“Some shit with people you shouldn’t have?”
She sucks in a breath. “People. Yes. Boyfriends. That’s what Ant likes to call them. That’s what I called them to him, until he got old enough to know better. They weren’t boyfriends, though. They were abusive pieces of shit, making me act for them. I was drinking, and smoking, and full of drugs, even though I hated it all.”
I know what she’s going to say. My guts are twisted up, and I feel sick.
“I was a prostitute,” she tells me. “I got fucked up in debt, and a coffee shop job wouldn’t cut it, so it was how I made money to support us. I tried to keep Ant away from it, I swear. I’d shut him in his room and keep him out of view. I’d call them my boyfriends and say he was a good boy for leaving us alone and buy him stupid little toys every weekend when it was him and me time. And it was alright. Kind of. Until a guy came along and changed everything. A guy called Robert, who turned up and demanded he became my pimp. Telling me I was infringing on his territory and there would be hell to pay if I didn’t let him govern me. He was the nastiest piece of shit I’ve ever known. Introducing people who nearly killed me. Making me act in ways I hadn’t done before.”
I get up from my seat and sit next to her on the sofa, placing my hand on her arm as she stares at the window, lost in horrid thoughts.
“A guy became your pimp by force, then threatened and exploited you? I’m so sorry.”
She nods. “He controlled the whole district. He took ninety percent of my earnings and threatened my life if I tried to pull away. And my God, the guys that he sent to me. Sometimes six at once.”
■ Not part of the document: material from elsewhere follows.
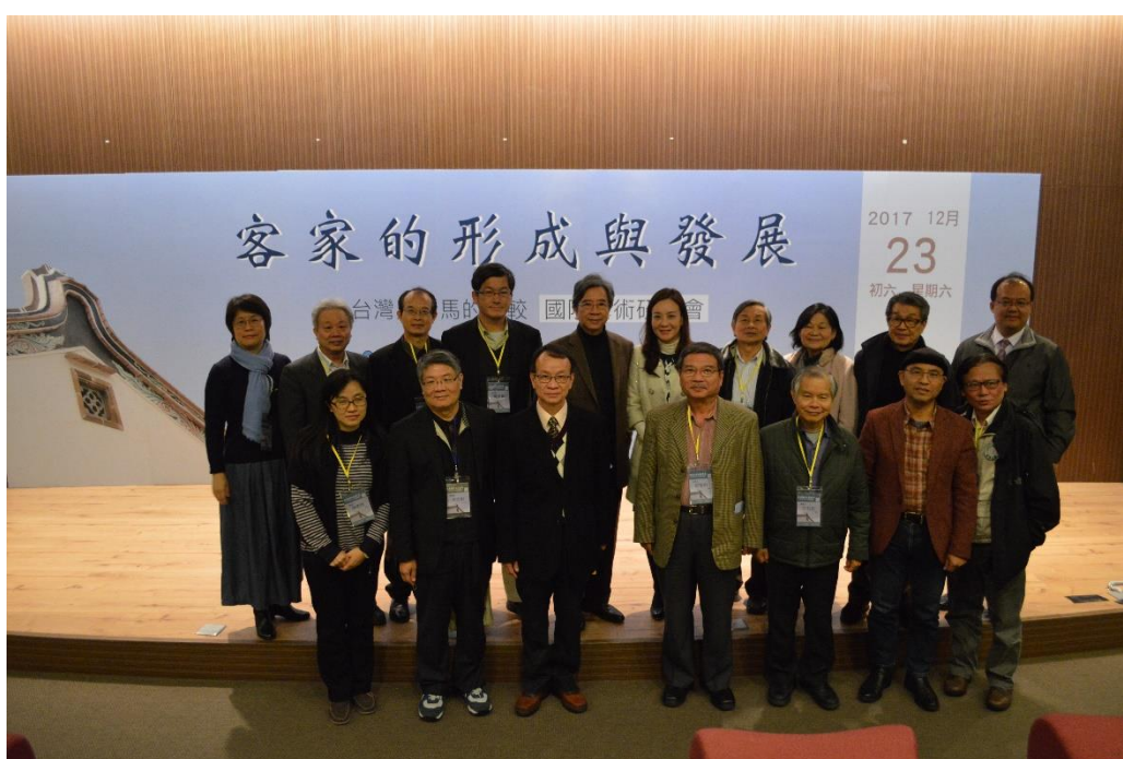
【開幕式後所有與會貴賓合照】

The thought brings me out in shivers.
“And Ant knew about this?”
Callie-Ann nods, still staring, lost. “He still kept calling them my boyfriends and acted oblivious to it, but as much as I tried to keep it quiet, there’s no way he wouldn’t have heard it through the wall. Then, one night, he went crazy. He bust out of his room and kicked out at Robert who was standing in the hallway, screaming that he wanted him to die.”
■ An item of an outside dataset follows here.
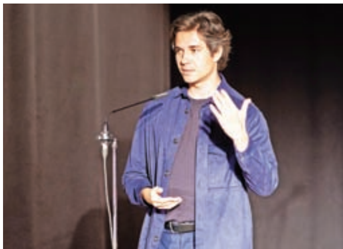
Osrednji govornik je bil minister za delo, družino, socialne zadeve in enake možnosti Luka Mesec.

Program na proslavi, ki je bila v Kulturnem domu Železniki, so sooblikovali člani KUD France Koblar z recitacijami, Francetovi orgličarji in posebna gostja, igralka ter pevka Lara Jankovič. Osrednji govor je imel minister za delo, družino, socialne zadeve in enake možnosti Luka Mesec. »Če 27. aprila zaznamujemo boj za politično svobodo, boj proti okupatorju, boj za samobitnost, da lahko kot narod sami odločamo o svoji svobodi, 1. maja bojujemo boj za ekonomsko svobodo.« Minister meni, da je eno ključnih vprašanj za prihodnost razmerje med delom in prostim časom: »Prosti čas je nekaj, kar sicer jemljemo kot nekaj samoumevnega, pa ni tako. Ključno je, koliko prostega časa si lahko vzamemo. To je pomemben del svobode.« Drugo vprašanje se nanaša na napredek tehnologije. »Pred kratkim sem bil v eni od držav tretjega sve-

I really could be sick at the thought, but try to keep calm.
“And what happened? Did Robert hurt him?”
“No. I think in some ways it would have been better if he had.”
“Really?”
Her eyes are full of pain as she looks at me. “Robert got down to his level, on his knees, he looked over at me wrapped up in a duvet cover, still fresh from being fucked every which way, and he lit up a cigarette and laughed at me. And then he told Ant that women are sluts. Women like to be sluts, but sometimes they just don’t know it. He said I was worth nothing but the men’s cocks who wanted to be inside me, and if I was really any more than that, I wouldn’t be enjoying it so much.”
She retches, and I have to choke back a retch of my own.
“I screamed at Ant to get back in his room, but he didn’t want to. Robert was wearing a posh suit, and Ant was staring at him in some kind of weird fascination. The asshole pulled a tenner out of his pocket and handed it over like it was nothing, telling Ant that’s what I was worth. One shitty tenner. That’s what I got from all of the boyfriends who wanted a piece of me, and it was pathetic. He told him money is power, and money can buy anyone, and he should set his sights as high as possible and make every bit of cash he can, because that’s what will make him a good, smart, happy boy, not cheap rubber fucking finger puppets.”
I keep pushing, gently. “And what happened then?”
“Ant hated him at first. He took the tenner and scribbled all over it, cursing Rob like the piece of shit he was. But then it changed, week by week. Rob would bring him money, and tell him money was all that mattered, and I guess Ant started to believe him. He stopped speaking to me, preferring to look at me like a piece of trash worth nothing. I didn’t need to shut him in his bedroom anymore, since he didn’t give a shit who was fucking me, or when, or how. So when Colin came along and told me he wanted me to move away from London with him, I said I’d go, because I had to take the chance. Only I couldn’t take Ant with me. Not if Rob would be out to get me from the moment I packed up and left. I was on the run right from the start.”